Tema central: Incidência da LIA
Análise das alternativas
A
Errada
Incorreta. A alternativa afirma responsabilidade objetiva de sócios e diretores de pessoa jurídica de direito privado, mas a Lei nº 8.429/1992, art. 3º, § 1º, dispõe literalmente: "Os sócios, os cotistas, os diretores e os colaboradores de pessoa jurídica de direito privado não respondem pelo ato de improbidade que venha a ser imputado à pessoa jurídica, salvo se, comprovadamente, houver participação e benefícios diretos, caso em que responderão nos limites da sua participação." Portanto, a responsabilização não é automática nem objetiva; depende de comprovação de participação e benefícios diretos.
B
Errada
Incorreta. A alternativa admite improbidade culposa, mas a redação atual da LIA exige dolo. O art. 1º, § 1º, da Lei nº 8.429/1992 estabelece: "Consideram-se atos de improbidade administrativa as condutas dolosas tipificadas nos arts. 9º, 10 e 11 desta Lei, ressalvados tipos previstos em leis especiais." Logo, não basta conduta culposa com lesão ao erário; a configuração do ato de improbidade, na forma cobrada, exige conduta dolosa.
C
Certa
A alternativa C é a correta porque a lei só alcança o particular quando ele induz ou concorre dolosamente para a prática do ato de improbidade. Fora dessa hipótese, não há submissão automática do terceiro à LIA.
D
Errada
Incorreta. A alternativa erra ao afirmar ressarcimento integral. Nos casos de entidade privada para cuja criação ou custeio o erário haja concorrido, a própria lei limita o ressarcimento. O art. 1º, § 7º, da Lei nº 8.429/1992 dispõe: "Independentemente de integrar a administração indireta, estão sujeitos às sanções desta Lei os atos de improbidade praticados contra o patrimônio de entidade privada para cuja criação ou custeio o erário haja concorrido ou concorra no seu patrimônio ou receita atual, limitado o ressarcimento de prejuízos, nesse caso, à repercussão do ilícito sobre a contribuição dos cofres públicos." Portanto, a incidência da LIA pode existir, mas o ressarcimento não é integral por definição; fica limitado à repercussão do ilícito sobre os recursos públicos.
Pegadinha da questão
A banca misturou três confusões reais: admitir improbidade culposa após a Lei nº 14.230/2021, presumir responsabilidade objetiva de sócios e diretores e afirmar ressarcimento integral em hipótese em que a própria lei limita a reparação à repercussão sobre os cofres públicos.

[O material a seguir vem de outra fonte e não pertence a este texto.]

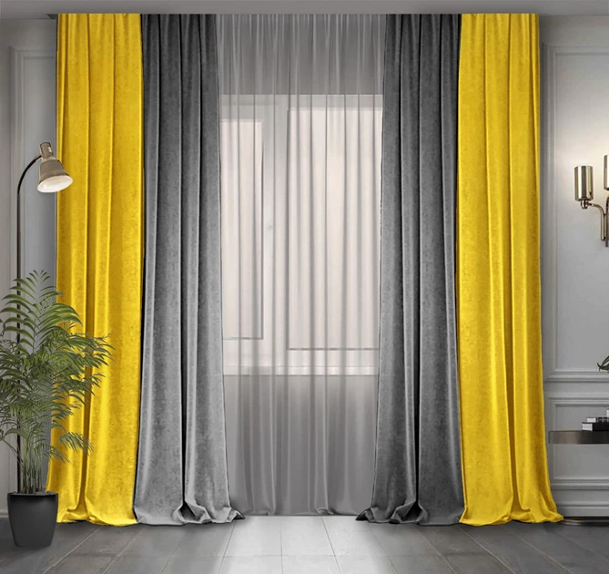 Комплект двоколірних штор Декор-Ін Мікровелюр 300x275 2 шт Темно-сірі з Гірчично-жовтим (ROZ6400067391)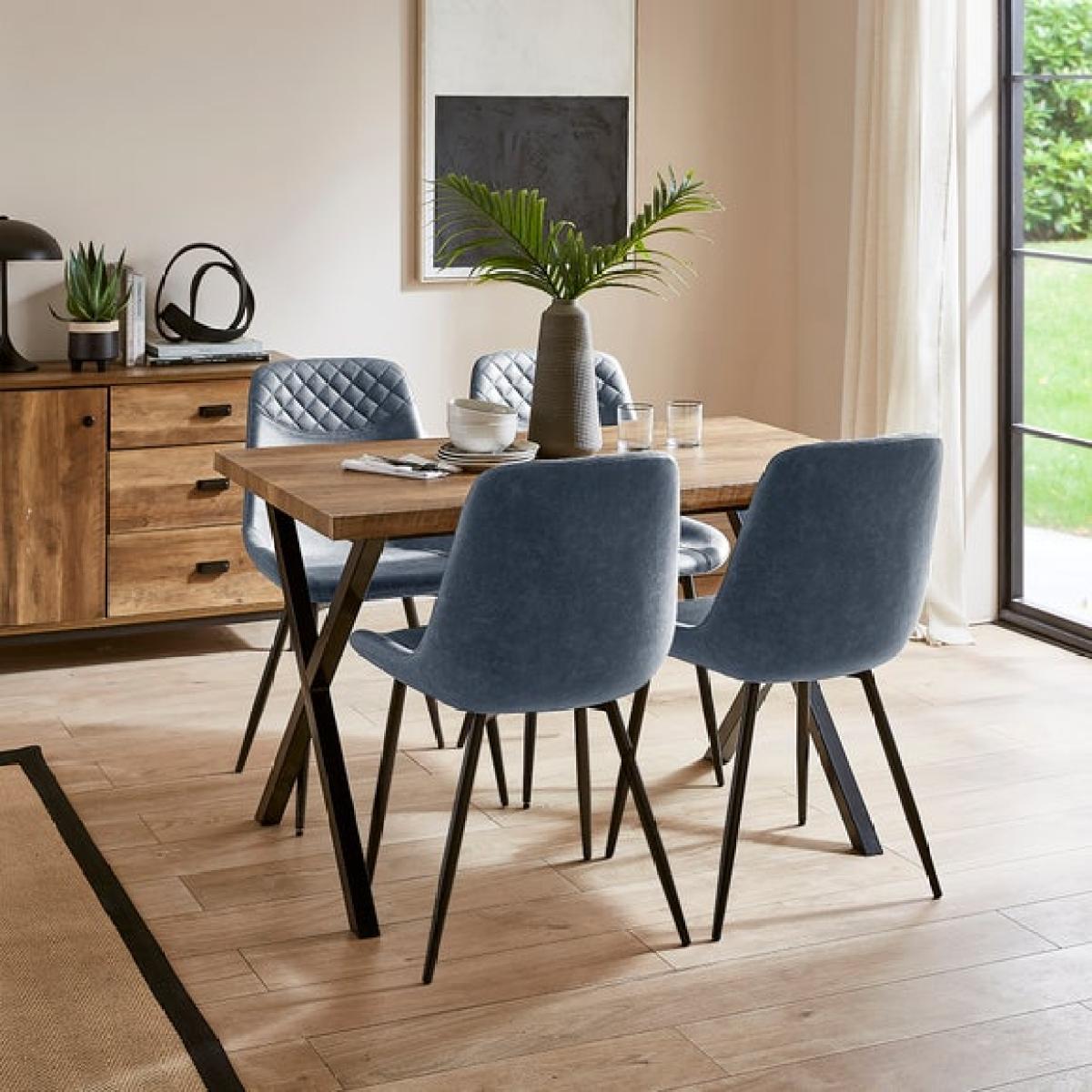 I love this set of four dining chairs for their sleek, modern silhouette and versatile faux leather finish, which makes them a practical choice for everyday use. They work particularly well in contemporary or Scandi-inspired interiors, where their understated style can be complemented with textured textiles or colourful accessories. For styling tips, try layering with patterned or coloured cushions to add warmth and personality, or pairing them with a rustic wooden table to create a balanced, understated look. Their neutral tone makes them easy to incorporate into various colour schemes, while their sturdy yet elegant design ensures both comfort and durability for regular family meals or dinner parties.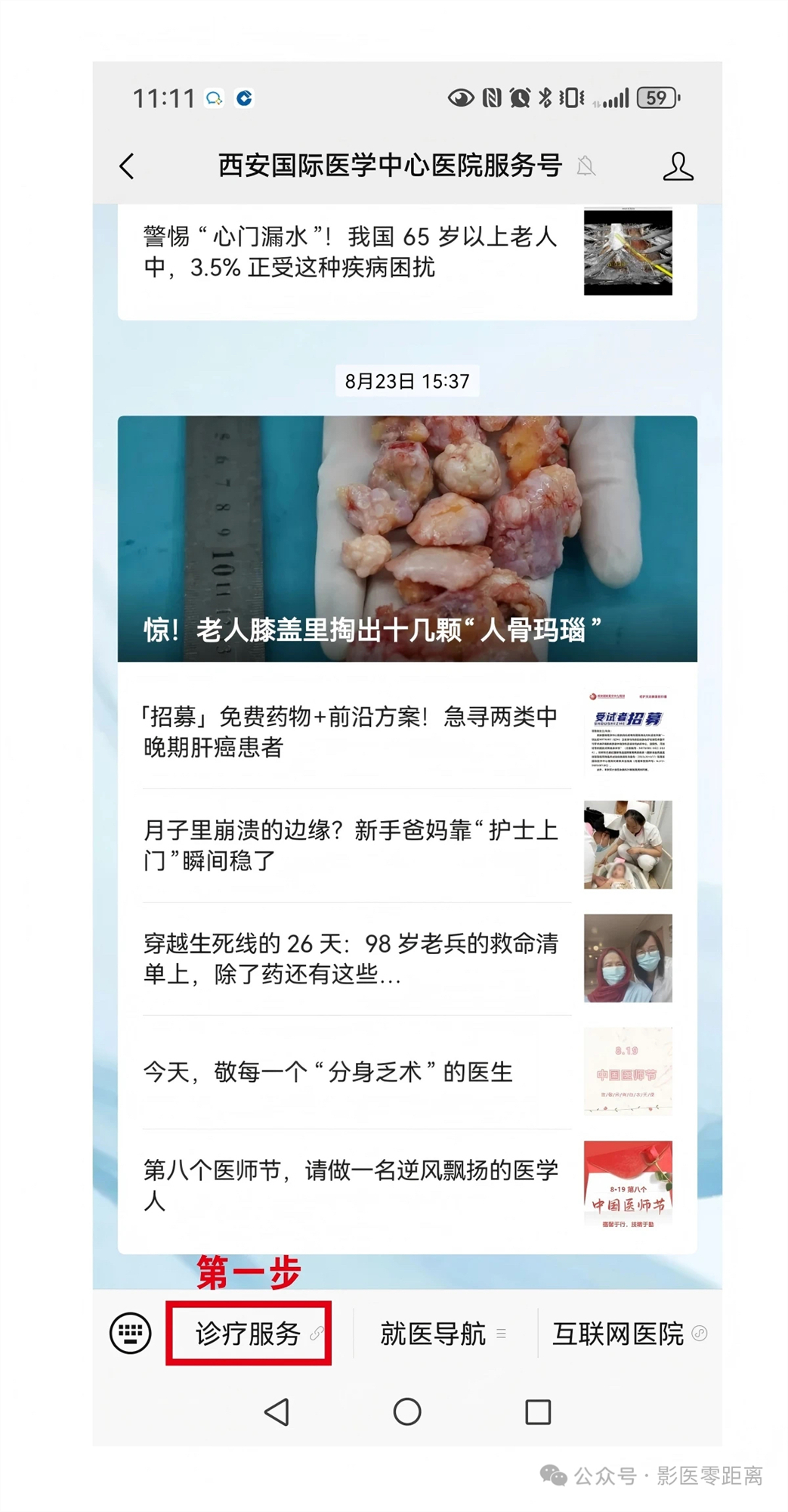 第一步:在醫(yī)院微信公眾號首頁,點(diǎn)擊底部菜單欄左側(cè)的【診療服務(wù)】入口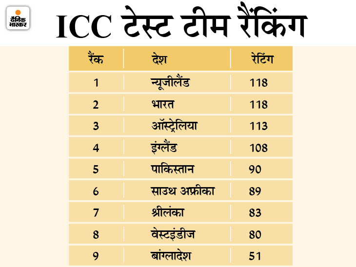 टीमों की रैंकिंग में न्यूजीलैंड और भारत दोनों के 118-118 पॉइंट्स हैं। हालांकि, न्यूजीलैंड दशमलव कुछ अंकों से भारत से आगे है। इसलिए टॉप पर है। ऑस्ट्रेलिया 113 पॉइंट्स के साथ तीसरे स्थान पर हैं।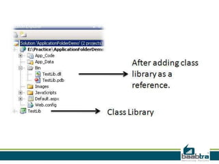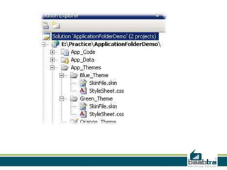 This document provides an overview of ASP.NET folders and the web.config file. It describes common folder types like App_Code, Bin, App_Data, and App_Theme and their purposes. It also explains the hierarchy and uses of the web.config file for configuration settings. Sections within web.config like system.web, connectionStrings, and customSections are outlined. Overall the document serves as an introduction to organizing files and customizing settings for ASP.NET applications through standard folders and the web.config.

Dica para questões semelhantes
  • Após a Lei nº 14.230/2021, confira primeiro se a alternativa exige dolo; se admitir culpa como regra de improbidade, está errada.
  • Quando a questão tratar de particular, valide se a lei exige indução ou concorrência dolosa para aplicar a LIA.
  • Se aparecer sócio, cotista ou diretor de pessoa jurídica, afaste responsabilização automática: a lei exige comprovação de participação e benefícios diretos.
  • Em entidade privada com aporte público, não presuma ressarcimento integral; verifique se a lei limita a reparação à repercussão do ilícito sobre a contribuição dos cofres públicos.